In summary, in an ideal state, the input current ripple is zero. However, in practical cases, when the capacitive voltage ripple cannot be ignored, U is in one switching period _Lin Still close to 0. By selecting smaller L _in The input current ripple close to zero can be realized, and the normal operation of the distributed photovoltaic power generation system equipment is facilitated.

4. The converter base topology current trend of claim 1, characterized in that the base unit comprises a capacitor C ₅ And C ₆ And diode D ₄ And D ₅ (FIG. 4). Based on this, a cascaded converter (fig. 5) is further obtained. Because roof-type photovoltaic power generation is greatly influenced by illumination intensity, temperature and the like, the output voltage is lower, and cannot meet the requirementPhotovoltaic power generation grid connection requirements. The cascaded converter achieves high gain (more than 10 times) of voltage and avoids extreme duty cycle. Meanwhile, when each cascade of one layer of charge pump units is connected, the switch tube S is switched on under the condition of reaching the same output voltage value ₁ And S is ₂ The voltage stress across the cell will instead be reduced by the number of layers in the cascade. Therefore, this structure further reduces the conduction loss and improves the efficiency of the converter.

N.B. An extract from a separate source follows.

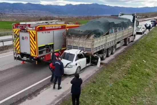 Kaza, Taşova D-100 kara yolu Şahinler Köyü mevkisinde meydana geldi. Zafer Bozkurt yönetimindeki 34 FN 7454 plakalı otomobil, akaryakıt istasyonundan çıkan İsa Tokluca yönetimindeki 32 AEA 465 plakalı TIR'a arkadan çarptı. İhbarla kaza yerine sağlık, jandarma ve itfaiye ekipleri sevk edildi. Ekipler, otomobil sürücüsü Zafer Bozkurt ile yanında bulunan Ümit Çatanak'ın hayatını kaybettiğini belirledi. Sıkıştıkları yerden çıkartılan 2 kişinin cansız bedeni, hastane morguna kaldırıldı. Bozkurt ve Çatanak'ın, İstanbul'dan memleketleri Ordu'da yaşamını yitiren bir yakınlarının cenazesine gitmek için yola çıktıkları öğrenildi. Kazayla ilgili soruşturma başlatıldı.

5. The topology described in claims 1 and 4 is characterized by simple control, high stability, only two switching tubes with the same signal are needed, small volume, small voltage stress at two ends of the capacitor (see the following description for details), and capacity with lower withstand voltage value can be adopted, so that the capacity volume is effectively reduced. Lower capacitance voltage stress means higher capacitance reliability and lower failure rate. Meanwhile, withstand voltage capacitor U _C4 And U _C6 And the capacitor clamp is also used as a link in a zero ripple structure, so that the density of components is improved.